Once, I said I was moving. I’m always moving. Now, I’m done. Moving on. For good.
I was rumored a trucker. That is my near future. The open road never shined with such promise. You can only drive through Nebraska naked, though. I will be in New York several times sooner than you think. It’s fairly obvious that won’t matter.
Why do we call things classified and then put them in the newspaper?
Some things just aren’t meant to be difficult and cryptic. My whole life is staring me in the face, and it isn’t just flashes. They are hard looks, some as disturbing as dreams. She is back from China, and if I’m lucky, no one will see me. I will slip in and out, getting a falafel wrap in the meantime. Cuties used to hand me the bags, and I’d sit on the lawn. I was their boss elsewhere, and they said flattering things and looked on with hope and respect, vacant significant others never far away. I left and they didn’t know how to find me for letters. They deserve recommendation, but I had to save myself. I never wanted the chips, but sometimes I got a good cookie. It has been forever. I don’t remember anything.
I look in the mirror a lot. Are you surprised when you do? I’ve had to talk about quitting, but there isn’t a patch for eyes.

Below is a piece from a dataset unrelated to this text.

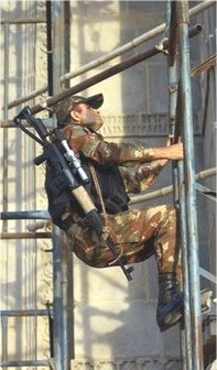 يک کماندوي هندي به اين صورت خودرا به پشت بام هتل مي رساند

I bought more ways to display my ideas. They were cheap, and I feel inspired. I also feel alone. The road will do that. So will everyone.

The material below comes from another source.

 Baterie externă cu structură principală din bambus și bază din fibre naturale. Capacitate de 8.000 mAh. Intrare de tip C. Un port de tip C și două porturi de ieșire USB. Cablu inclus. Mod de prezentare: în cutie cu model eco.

I was going to out myself as an old Russian man. You beat me to it. I made unappreciated sacrifices, and I’m trying to forget why.
Most of all, I should not have promised to work on bringing sexy back. Sexy is the least of our problems. Before we focus on the reinstatement of personal definitions of all things erotic, lovely, charming, or sane, I’d recommend considering other elements lacking. Despite my exuberant oversight, mistakes do not define my life or work. There are rainbows on rooftops worth seeing instead.
I wrote home once. I won’t anymore. I don’t wait there. I have to keep going. I am afraid of falling one direction and things that run so loudly I can hear them. It could sound one way, but I usually mean it another. I couldn’t make it up if I tried, and I couldn’t live any other way than as myself. The seven is here, and I hope we all believe in more than words as resolutions.